Leticia de Araujo holds her one-month-old daughter in February 2016 in Rio de Janeiro. The baby was born with microcephaly after being exposed to the Zika virus during her mother's pregnancy. (Antonio Lacerda/European Pressphoto Agency)

Pregnancies of women in the United States infected with the Zika virus are about 20 times more likely to result in babies with certain birth defects, compared with the prevalence of these birth defects before the Zika epidemic swept through the Americas, according to a report released Thursday.

Researchers at the Centers for Disease Control and Prevention are trying to determine how common these birth defects, such as microcephaly, brain abnormalities, eye defects and central nervous system problems, were in the years before the Zika outbreak. Although a Zika infection during pregnancy is linked to a distinct pattern of birth defects, those abnormalities are not unique to Zika. Genetic factors and other viral infections may also cause these birth defects, although in many cases the causes are unknown, experts say.

The CDC report provides a baseline reference to interpret the impact of Zika on the prevalence of these birth defects in the United States. The new data underscore the dangers of Zika infection during pregnancy and the advice that pregnant women should avoid travel to Zika-affected areas, especially as warmer weather returns. If pregnant women must travel or live there, they should take measures to prevent mosquito bites or sexual transmission of the virus, which can be passed through semen.

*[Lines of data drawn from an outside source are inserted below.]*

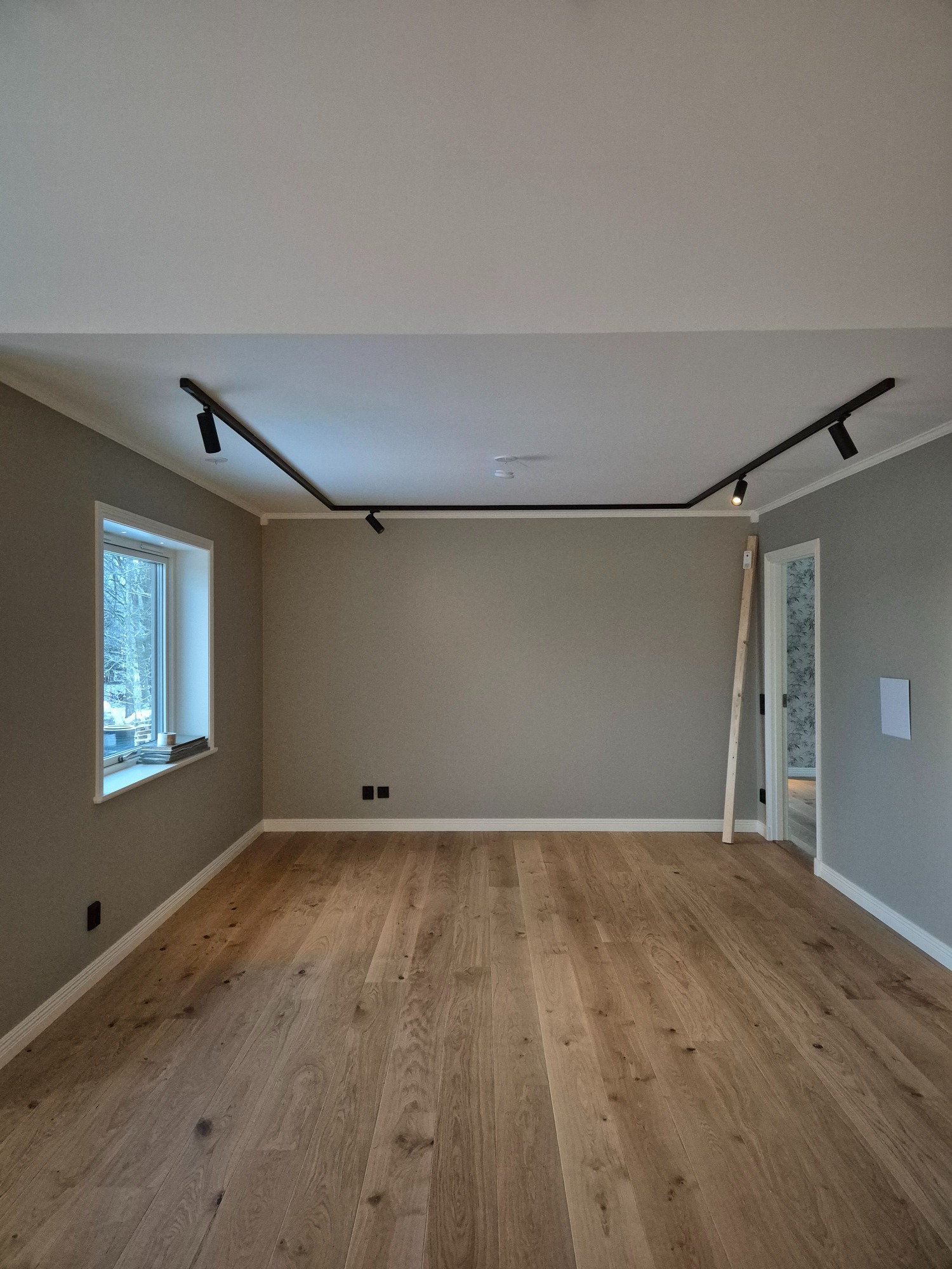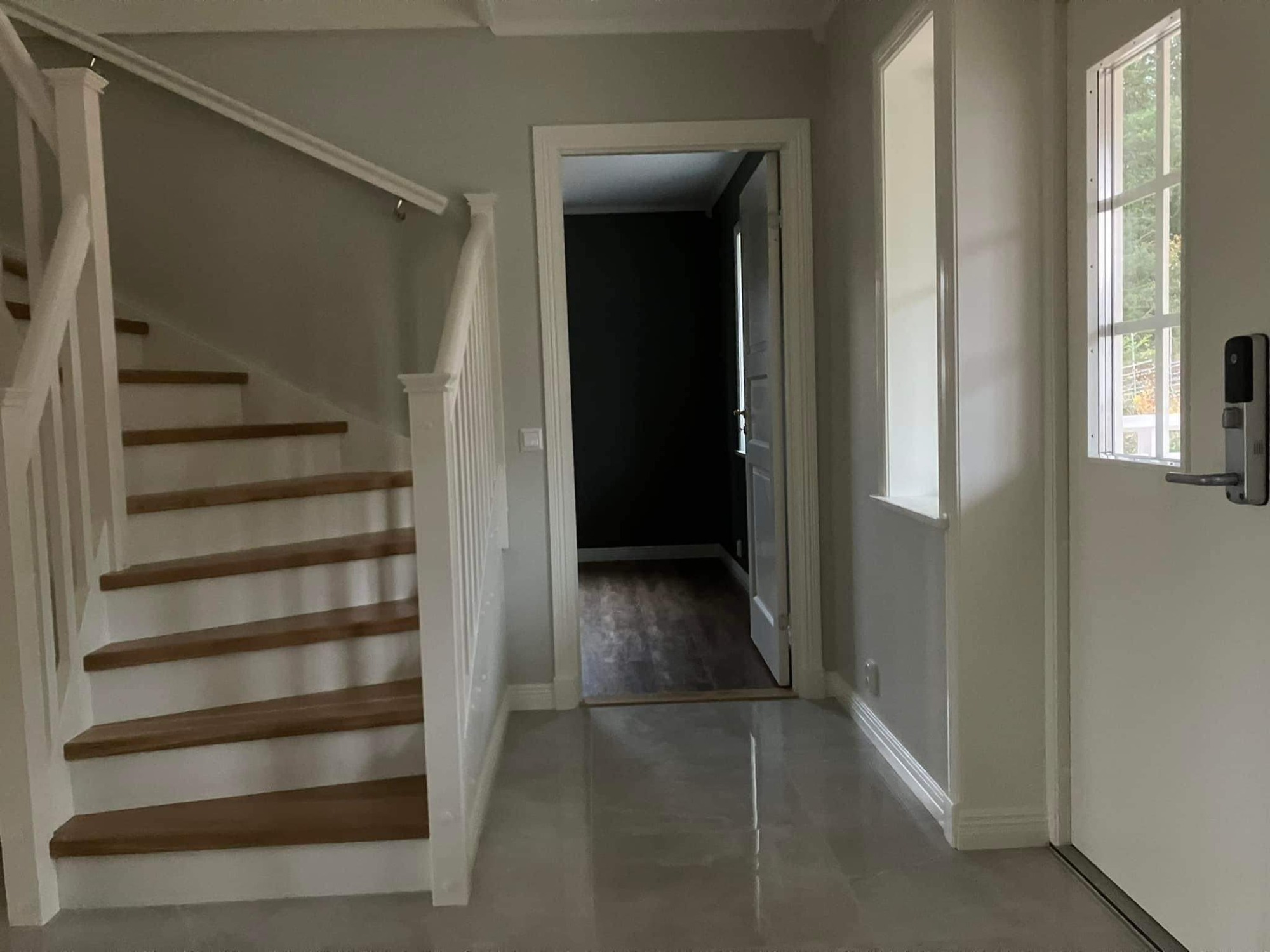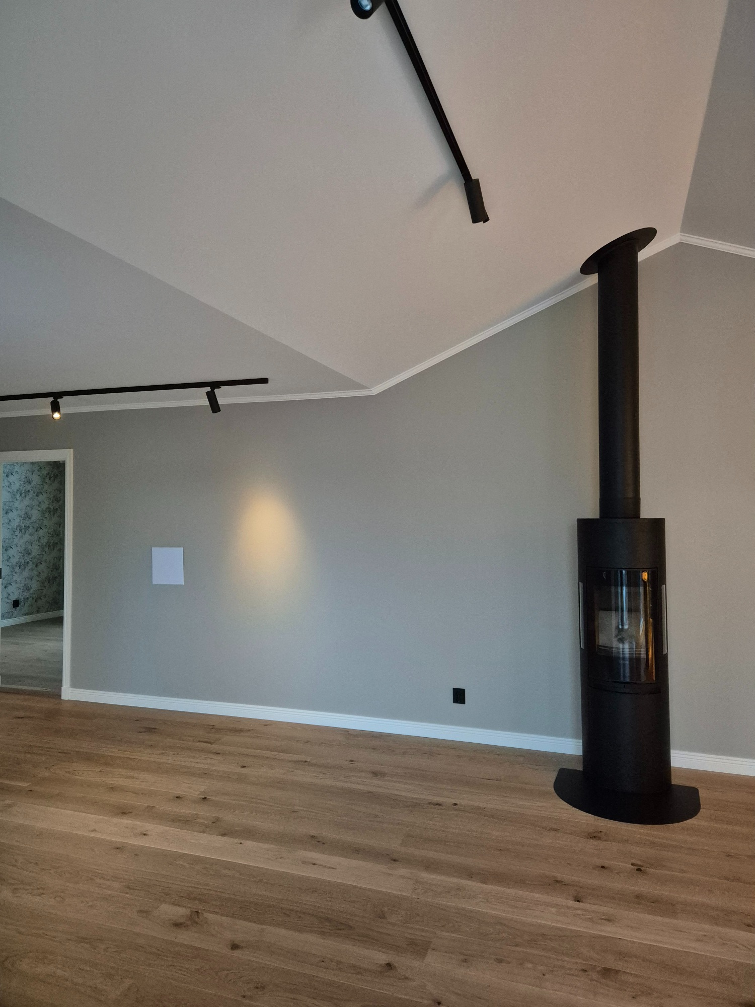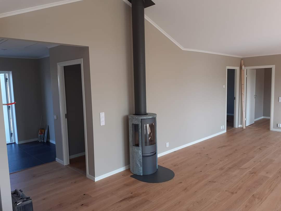 En privatperson som valde att bygga med hustillverkaren A-hus i Kullersta, Eskilstuna. Spacklade och målade hela huset, målade även garaget utvändigt.
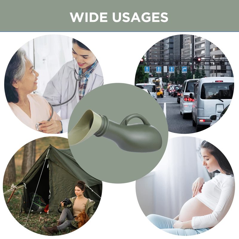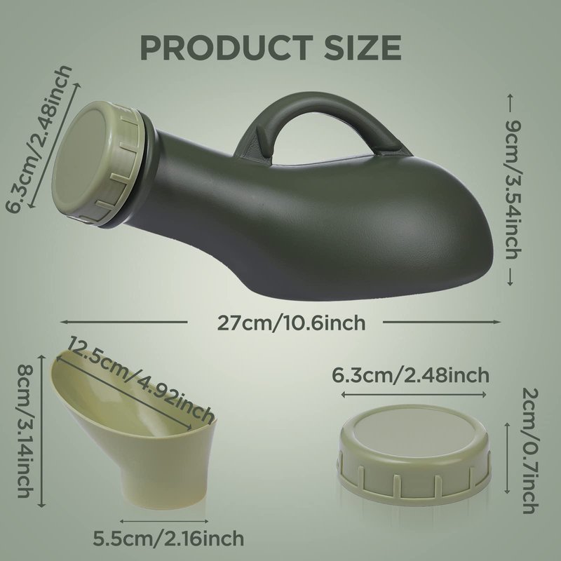 - Package includes: one pack travel pee urinal with screw cap and funnel. Capacity: 1000 ml.
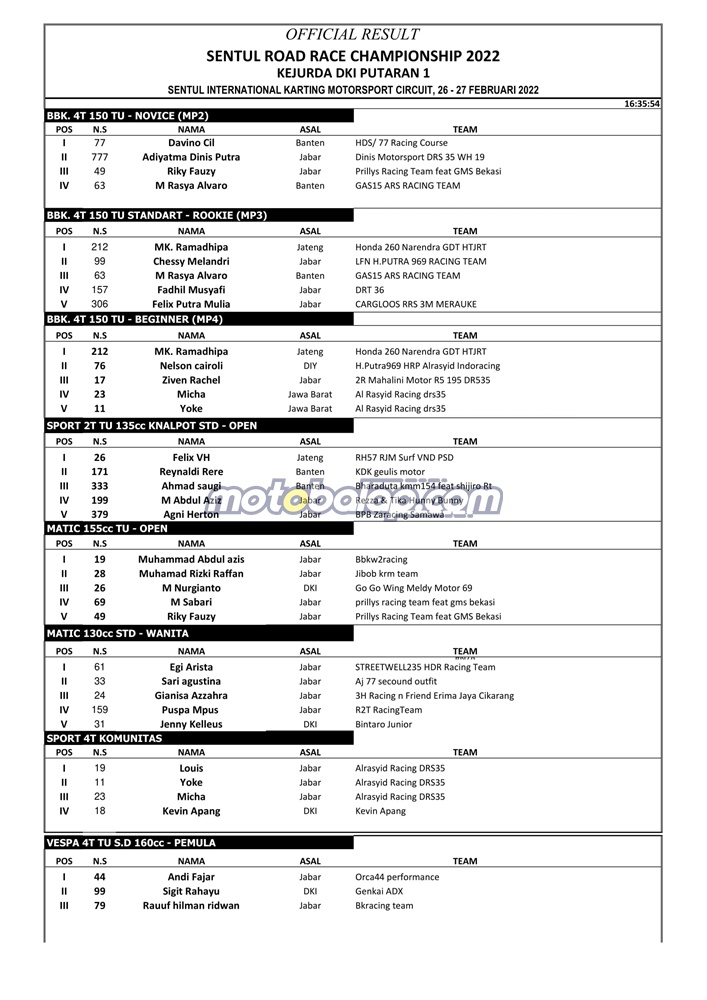 Hasil Juara Sentul Road Race Championship Putaran 1, MOTOBALAP.COM – Ajang balap motor bertajuk Sentul Road Race Championship 2022 Kejurda IMI DKI putaran perdana berlangsung sukses dengan kehadiran 250 starter di Sentul Karting International Circuit, Minggu (27/02/2022).
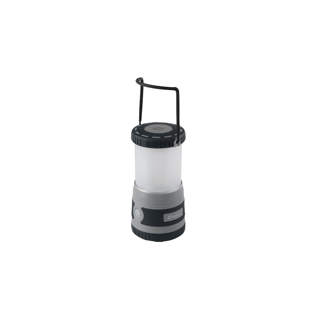 Helle Campinglampe mit Tragegriff. Dank eines Hakens an der Unterseite und der abnehmbaren oberen Abdeckung kann sie auch als Deckenleuchte im Zelt verwendet werden. Wird mit 3 AA-Batterien betrieben (nicht enthalten).
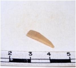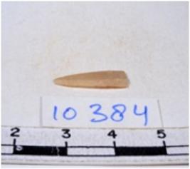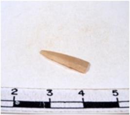 | Description / विवरण | A fragment of a rectangular shaped chert blade showing dorsal sides with sharp cutting edges having smooth surface and triangular section. |
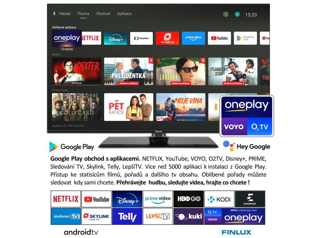 Televize Finlux TV50FUI7071 - ANDROID11 UHD, HDR,T2/SAT BEZRÁMOVÁ -
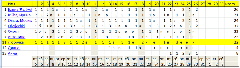 Количество подходов будем увеличивать каждые 4 дня- 1 день.
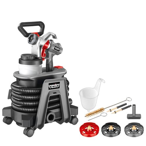 This convenient painting station provides storage for the air hose, additional spray nozzles, viscosity cup and cleaning accessories, so you will never lose anything from your kit again. With the adjustable spray pattern, spray width and flow you have full control to better suit the task at hand.
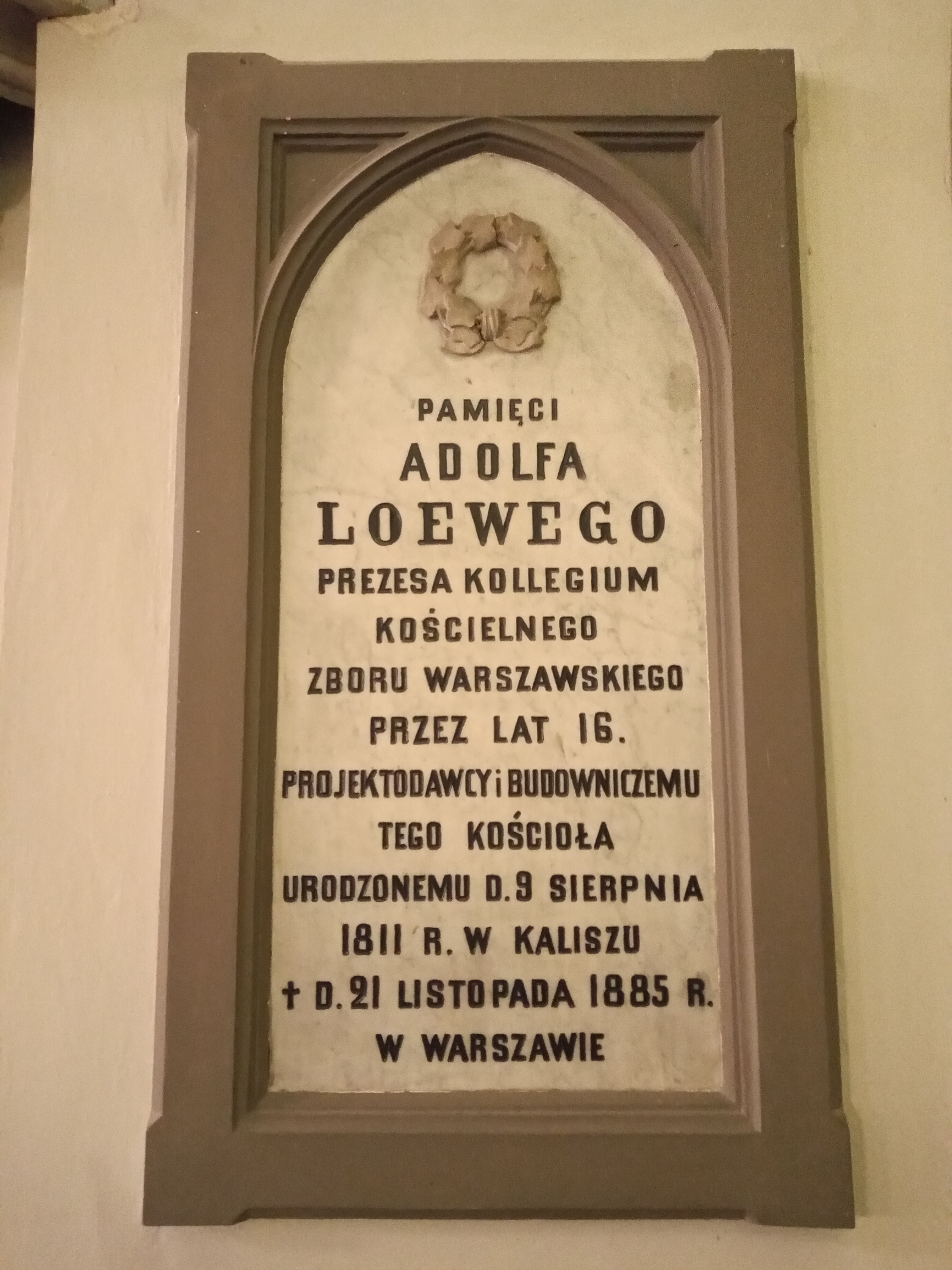 , Tablica ku czci Adolfa Loewego w kościele ewangelicko-reformowanym na warszawskim Lesznie., [w:] Polski słownik biograficzny, t. ,
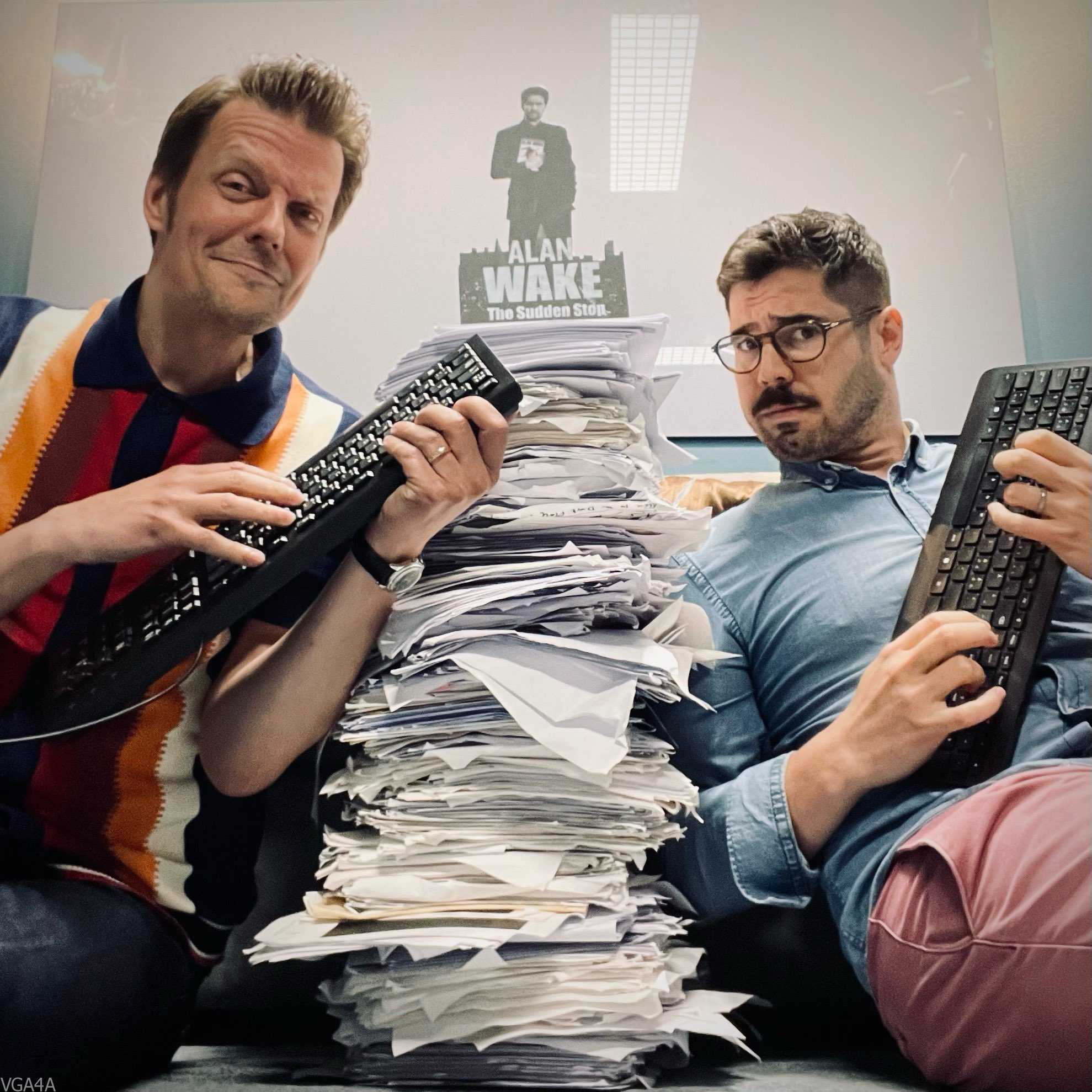 بدوره أضاف مورفي مازحا أن كاتبي القصة استخدموا “طريقة keytar للكتابة”، كما ترون في الصورة اعلاه وهذا النهج يتيح لهم إنهاء مهمتهم الشاقة بسرعة فائقة.

The magnitude of birth defect risks also underlines the critical importance of early and accurate testing for pregnant women to give them the full range of options, health-care providers say. In Washington, D.C., the District's public-health lab has produced erroneous or inconclusive results for nine, and perhaps more, pregnant women who were tested for Zika between July and December of last year. The lab reported that the women had tested negative for Zika, when they may in fact have been infected. The mistakes, made public Feb. 16, have prompted officials to redo more than 400 tests, including those for nearly 300 pregnant women.

The findings “give you an idea of how large the risk may be,” said Janet Cragan, a medical officer at CDC’s birth defects branch who led the research.

Researchers analyzed data on birth defects from three surveillance programs in the United States. The researchers identified 747 infants and fetuses with one or more of these defects from data collected by programs in Massachusetts, North Carolina and Atlanta. The prevalence was about 3 for every 1,000 births between 2013 and 2014. The defects included the entire range of abnormalities associated with Zika, from microcephaly, characterized by abnormally small heads and often underdeveloped brains, to vision problems and joints with limited range of motion, such as clubfoot.

Brain abnormalities or microcephaly accounted for the largest number and highest prevalence, followed by neural tube defects, such as spina bifida, the report said.

After Zika spread throughout the Americas, the CDC began tracking the number of pregnant women in the United States who became infected and what happened to their pregnancies. Data from the U.S. Zika pregnancy registry identified 26 infants and fetuses with these birth defects among 442 completed pregnancies during a nine-month period in 2016. The proportion of infants with these birth defects was about 6 percent, or nearly 60 out of every 1,000 completed pregnancies with Zika infections. This proportion is about 20 times higher than the prevalence of such birth defects during the pre-Zika years.

Of the 26 infants with birth defects, 22 had a brain abnormality or microcephaly, a proportion that is about 33 times higher than the prevalence among pregnancies in the years before the Zika epidemic, according to the report.

Margaret Honein, chief of the birth defects branch at the CDC and an author of the report, said it's too early to give a precise estimate for the additional risk of birth defects from a Zika infection.

“I don't have that level of precision, but there is strong evidence of a major increase in risk,” Honein said. She said the findings demonstrate the importance of having monitoring systems that collect data on birth defects.

The state data come from birth defects surveillance programs that identify diagnoses among infants and fetuses mostly through review of administrative records. The state data for this report was collected from states where health department staff members routinely go to hospitals and other institutions that provide care for pregnant women and review the records of infants and fetuses.

CDC has awarded more than $27 million to 50 jurisdictions to establish or bolster surveillance systems that rapidly collect information about Zika-related birth defects.